Task to carry out: Would you please reproduce all the entries exactly, leaving the pictures out?

[Records from a collection]
--- START ---

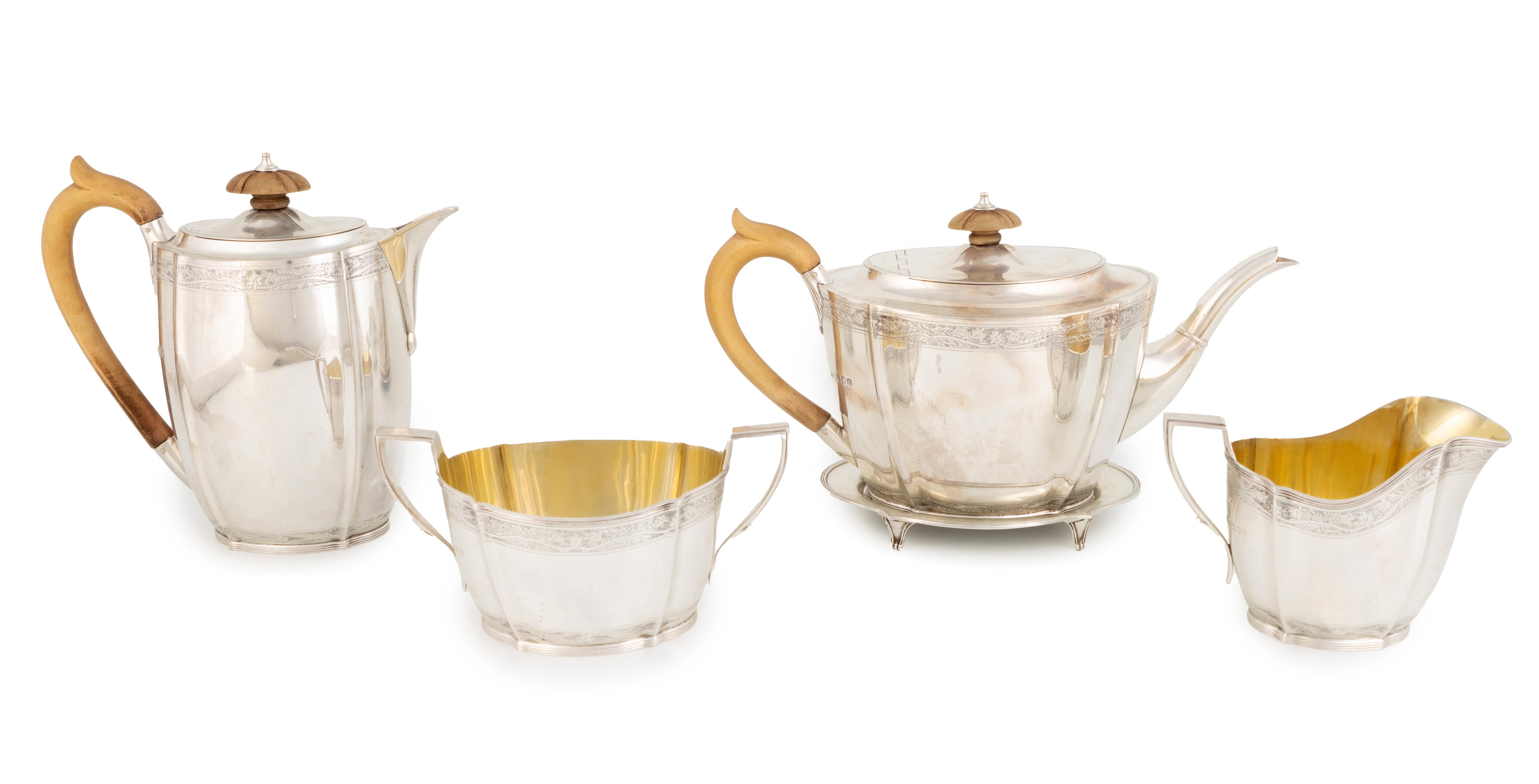 comprising: a teapot on stand, a hotwater pot, a cream jug and a sugar bowl, lobed oval form, engraved decoration, scroll handles, length of tea pot handle to spout 18cm, approx. weight 53oz. (5)
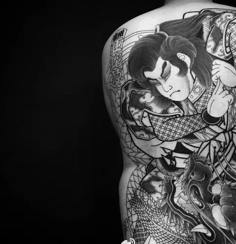 黑灰满背纹身图案
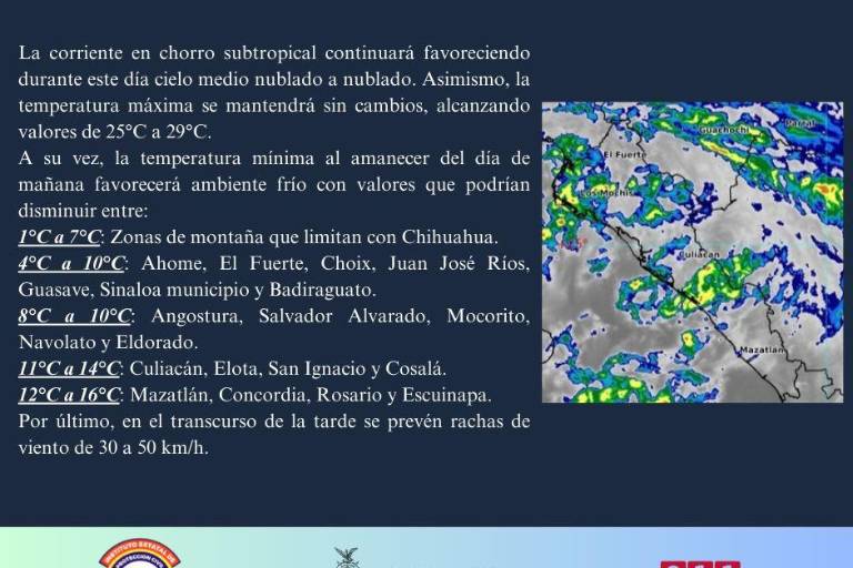 En los municipios del norte como Ahome, El Fuerte, Choix, Juan José Ríos, Guasave, Sinaloa municipio y Badiraguato, se espera que las temperaturas mínimas ronden entre los 4 y 10 grados.
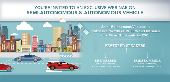 MarketsandMarkets™ is delighted to invite you to an exclusive webinar titled “Semi-Autonomous & Autonomous Vehicles”, which will be hosted on June 15, 2017 from 11:00 am to 12:00 pm EST. Please join our industry experts – Lisa Whalen, Global Vice President and Srinath Manda, Associate Director with our Automotive & Transportation practice as they discuss the key industry & technology trends that shall drive the business transformation that lie ahead for vehicle manufacturers and component suppliers.
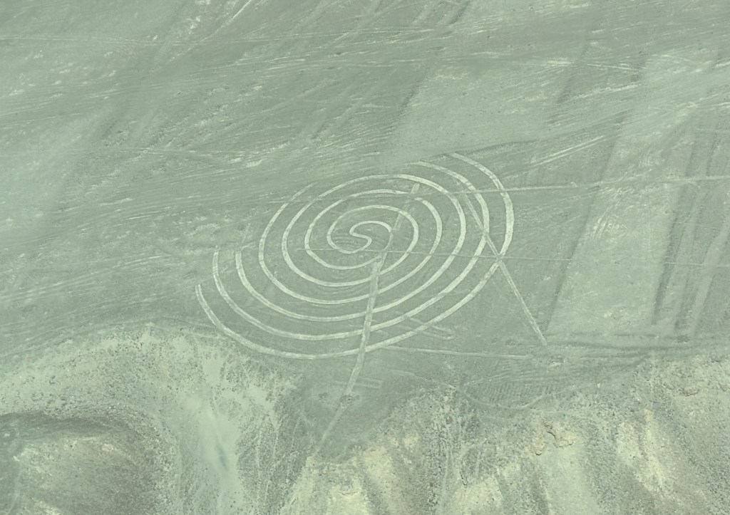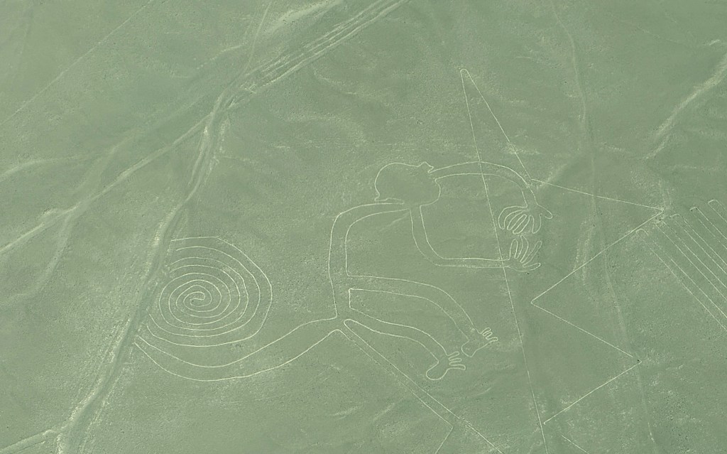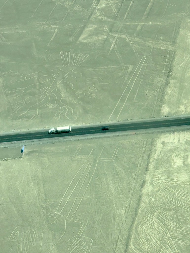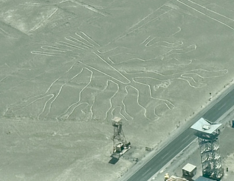 The Nazca lines were discovered on the ground when workers were building part of the PanAm highway in the 1920s.  That section damaged part of the lizard’s leg.
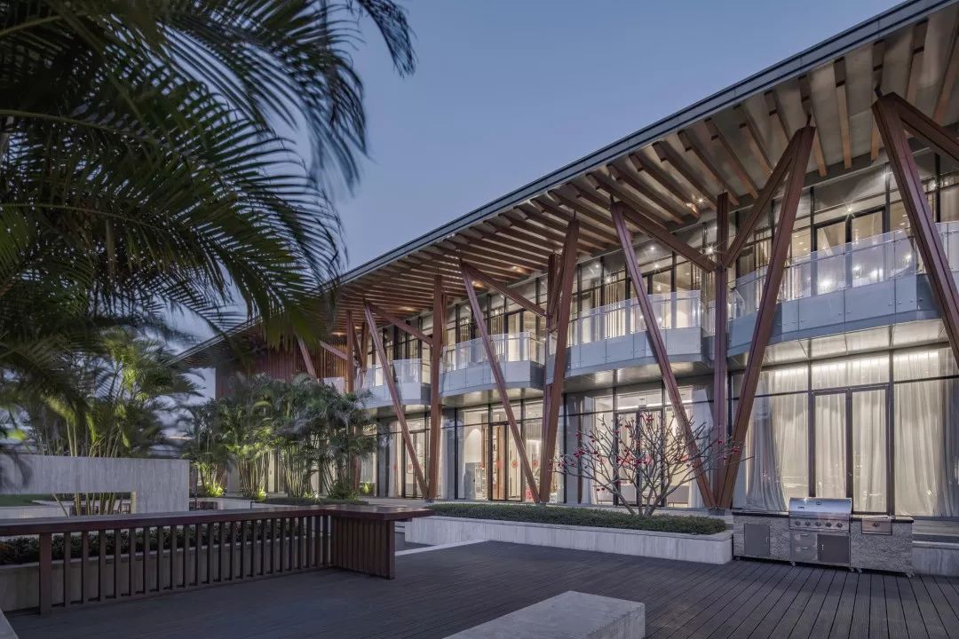 立面结合朝向和视野主次关系,遵循内外空间的联系逻辑。坡屋顶的出挑、形体的切分、立面的虚(阳台、玻璃)实(石材及百叶装饰)遵循当地强烈的阳光和气候特征而形成。屋顶的形式结合建筑体量的尺度,或单坡,或双坡,朝向不同的院落延续,削弱建筑体量过大对人的压迫感的同时,形成轻盈的活跃在浓荫中的屋顶形态。海口天气炎热,延伸出挑的屋面形成的长廊能有效遮挡夏日的阳光,又强调出建筑的光影关系;双坡顶的交接结合立面石材、玻璃、百叶的虚实变化,形成丰富的立面层次;具有装饰细部的结构柱廊和退在柱廊背后的阳台形式,增强了空间的层次和立面的个性。

--- END ---

Result:
 comprising: a teapot on stand, a hotwater pot, a cream jug and a sugar bowl, lobed oval form, engraved decoration, scroll handles, length of tea pot handle to spout 18cm, approx. weight 53oz. (5)
 黑灰满背纹身图案
 En los municipios del norte como Ahome, El Fuerte, Choix, Juan José Ríos, Guasave, Sinaloa municipio y Badiraguato, se espera que las temperaturas mínimas ronden entre los 4 y 10 grados.
 MarketsandMarkets™ is delighted to invite you to an exclusive webinar titled “Semi-Autonomous & Autonomous Vehicles”, which will be hosted on June 15, 2017 from 11:00 am to 12:00 pm EST. Please join our industry experts – Lisa Whalen, Global Vice President and Srinath Manda, Associate Director with our Automotive & Transportation practice as they discuss the key industry & technology trends that shall drive the business transformation that lie ahead for vehicle manufacturers and component suppliers.
 The Nazca lines were discovered on the ground when workers were building part of the PanAm highway in the 1920s.  That section damaged part of the lizard’s leg.
 立面结合朝向和视野主次关系,遵循内外空间的联系逻辑。坡屋顶的出挑、形体的切分、立面的虚(阳台、玻璃)实(石材及百叶装饰)遵循当地强烈的阳光和气候特征而形成。屋顶的形式结合建筑体量的尺度,或单坡,或双坡,朝向不同的院落延续,削弱建筑体量过大对人的压迫感的同时,形成轻盈的活跃在浓荫中的屋顶形态。海口天气炎热,延伸出挑的屋面形成的长廊能有效遮挡夏日的阳光,又强调出建筑的光影关系;双坡顶的交接结合立面石材、玻璃、百叶的虚实变化,形成丰富的立面层次;具有装饰细部的结构柱廊和退在柱廊背后的阳台形式,增强了空间的层次和立面的个性。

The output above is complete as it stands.